■ **Work request**:
Your answer must hold only the lines below from the line containing "2025年4月1日にスタート" through the line containing "9499威尼斯手机版董事长李", each reproduced exactly.

(Supplied records)

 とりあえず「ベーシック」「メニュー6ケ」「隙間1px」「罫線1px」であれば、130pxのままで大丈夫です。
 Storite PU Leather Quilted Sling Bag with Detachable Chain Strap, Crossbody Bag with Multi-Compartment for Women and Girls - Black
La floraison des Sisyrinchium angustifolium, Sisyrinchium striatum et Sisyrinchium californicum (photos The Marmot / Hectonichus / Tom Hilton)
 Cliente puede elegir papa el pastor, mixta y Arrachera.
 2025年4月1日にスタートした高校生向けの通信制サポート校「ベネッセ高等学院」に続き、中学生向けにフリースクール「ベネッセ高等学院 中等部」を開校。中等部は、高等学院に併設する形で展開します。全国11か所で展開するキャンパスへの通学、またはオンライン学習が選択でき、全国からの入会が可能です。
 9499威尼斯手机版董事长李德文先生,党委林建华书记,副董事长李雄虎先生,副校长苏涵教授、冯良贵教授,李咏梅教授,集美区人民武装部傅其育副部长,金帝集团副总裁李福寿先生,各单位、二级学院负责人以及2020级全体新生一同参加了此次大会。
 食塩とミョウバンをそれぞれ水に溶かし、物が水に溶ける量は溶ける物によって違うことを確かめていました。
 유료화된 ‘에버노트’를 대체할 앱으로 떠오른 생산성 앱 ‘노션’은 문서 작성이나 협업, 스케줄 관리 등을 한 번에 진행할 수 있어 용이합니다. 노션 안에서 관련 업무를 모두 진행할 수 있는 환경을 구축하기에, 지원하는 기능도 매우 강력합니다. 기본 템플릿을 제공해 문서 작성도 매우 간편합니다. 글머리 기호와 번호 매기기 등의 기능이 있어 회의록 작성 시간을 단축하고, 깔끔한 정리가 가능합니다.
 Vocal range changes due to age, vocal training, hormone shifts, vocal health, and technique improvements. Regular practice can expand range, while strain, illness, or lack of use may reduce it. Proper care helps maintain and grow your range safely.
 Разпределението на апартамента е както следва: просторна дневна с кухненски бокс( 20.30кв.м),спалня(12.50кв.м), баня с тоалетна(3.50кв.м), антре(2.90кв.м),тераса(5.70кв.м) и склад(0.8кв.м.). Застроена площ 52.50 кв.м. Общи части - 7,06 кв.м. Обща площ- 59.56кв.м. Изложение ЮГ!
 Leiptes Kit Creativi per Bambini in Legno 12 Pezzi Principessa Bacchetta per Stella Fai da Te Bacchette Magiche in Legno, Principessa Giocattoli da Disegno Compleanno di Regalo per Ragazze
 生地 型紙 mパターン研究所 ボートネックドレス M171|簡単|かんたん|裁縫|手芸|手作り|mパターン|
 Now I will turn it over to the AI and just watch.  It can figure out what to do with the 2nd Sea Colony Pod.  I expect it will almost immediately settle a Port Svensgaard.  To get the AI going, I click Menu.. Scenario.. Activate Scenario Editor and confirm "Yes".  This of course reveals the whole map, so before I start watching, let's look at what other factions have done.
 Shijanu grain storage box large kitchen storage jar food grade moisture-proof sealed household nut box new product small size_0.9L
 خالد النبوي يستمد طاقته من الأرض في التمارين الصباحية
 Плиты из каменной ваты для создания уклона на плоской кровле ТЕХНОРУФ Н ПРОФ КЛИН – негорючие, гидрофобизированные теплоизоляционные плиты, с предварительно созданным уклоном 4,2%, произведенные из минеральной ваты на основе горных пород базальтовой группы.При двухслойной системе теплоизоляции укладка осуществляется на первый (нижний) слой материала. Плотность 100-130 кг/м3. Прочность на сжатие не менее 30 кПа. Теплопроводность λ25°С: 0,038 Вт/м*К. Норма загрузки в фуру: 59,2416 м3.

(End Supplied records)

■ **Task solution**:
 2025年4月1日にスタートした高校生向けの通信制サポート校「ベネッセ高等学院」に続き、中学生向けにフリースクール「ベネッセ高等学院 中等部」を開校。中等部は、高等学院に併設する形で展開します。全国11か所で展開するキャンパスへの通学、またはオンライン学習が選択でき、全国からの入会が可能です。
 9499威尼斯手机版董事长李德文先生,党委林建华书记,副董事长李雄虎先生,副校长苏涵教授、冯良贵教授,李咏梅教授,集美区人民武装部傅其育副部长,金帝集团副总裁李福寿先生,各单位、二级学院负责人以及2020级全体新生一同参加了此次大会。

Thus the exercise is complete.